Mosques all over Britain are inviting non-Muslims this weekend in an effort to explain Islam “beyond the hostile headlines” amid a surge in Islamophobic sentiments across the West.
This weekend, over 80 British mosques are offering tours and tea as part of the Visit My Mosque Day event organized by the Muslim Council of Britain (MCB).
According to the MCB, an umbrella body for 500 mosques, schools and associations in Britain, the event aims to “provide a platform for Muslims to reach out to fellow Britons and explain their faith and community beyond the hostile headlines.”
Two of the UK’s oldest mosques, the Shah Jahan Mosque in Woking, Surrey, and the Abdullah Quilliam Mosque in Liverpool are participating in this year’s event. Mosques in the cities of London, Birmingham, Manchester, Leeds, Glasgow ,Cardiff, Belfast, Plymouth and Canterbury are also involved in the initiative.
“Local mosques will also be inviting interfaith leaders, and all will be asked to come together to demonstrate unity and solidarity during what has been a tense time for faith communities,” the MCB said.

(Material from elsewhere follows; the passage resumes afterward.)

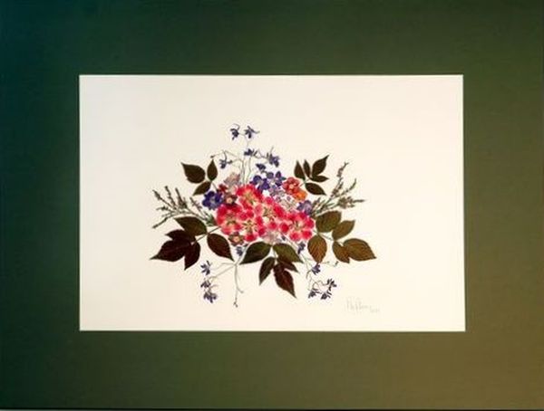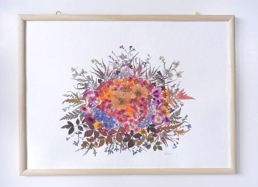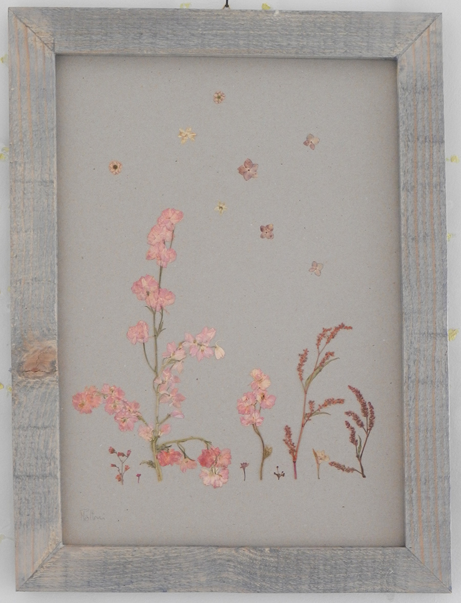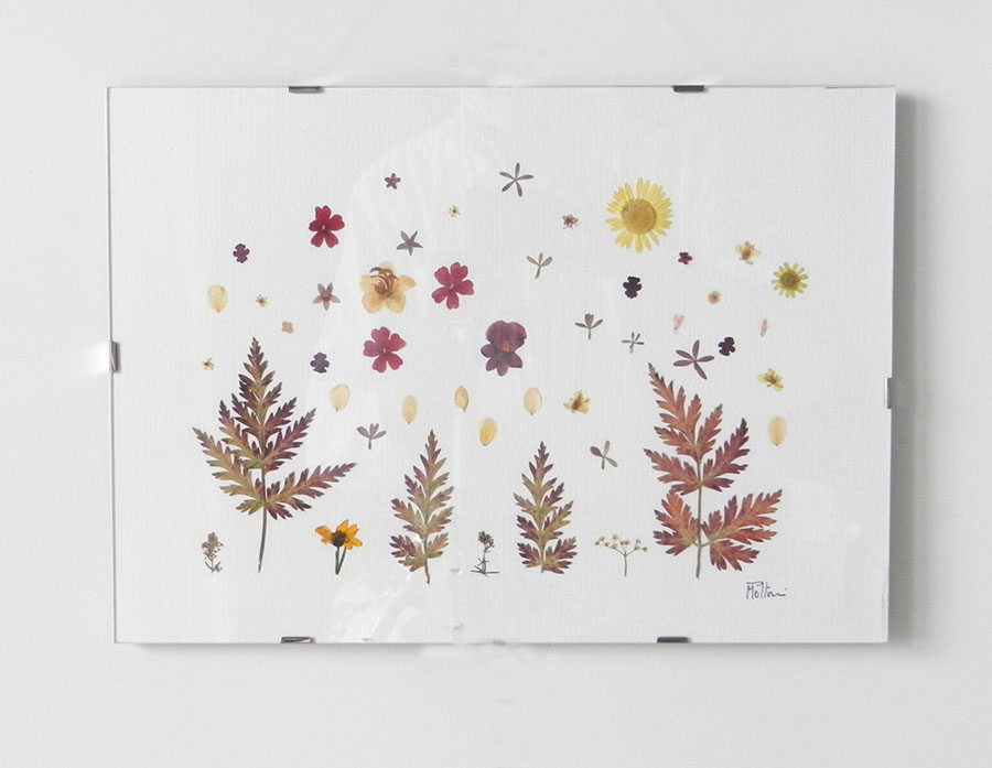 composition created with dried flowers, on a sheet of white cardboard, natural colors, in a very simple frame, no passe-partout |

During the open day event, introductions on Islam and explanations on community activities will be offered as well as opportunities to see prayers and guided tours.
Last year, hundreds of people took part in a similar event, held in some 20 mosques.
Based on figures released by the Metropolitan police, there has been a 70 percent rise in anti-Muslim hate crimes during the 12 months leading to July 2015.
Despite Muslims’ efforts in Europe and the US to tackle Islamophobia, the phenomenon seems to be on the rise.
The far-right anti-Islam movement PEGIDA organized several rallies in the continent, where demonstrators rejected entry and presence of refugees fleeing foreign-backed militancy in Syria and the rest of the region.
Thousands of people took part in the anti-Muslim demo in the eastern German city of Dresden alone.
Miles further, around 5,000 people participated in a PEGIDA-inspired march in Prague, while a large number also turned up for a similar event in Amsterdam.
More protests were also held in the northern French port of Calais, the Irish capital Dublin, and the UK’s Birmingham.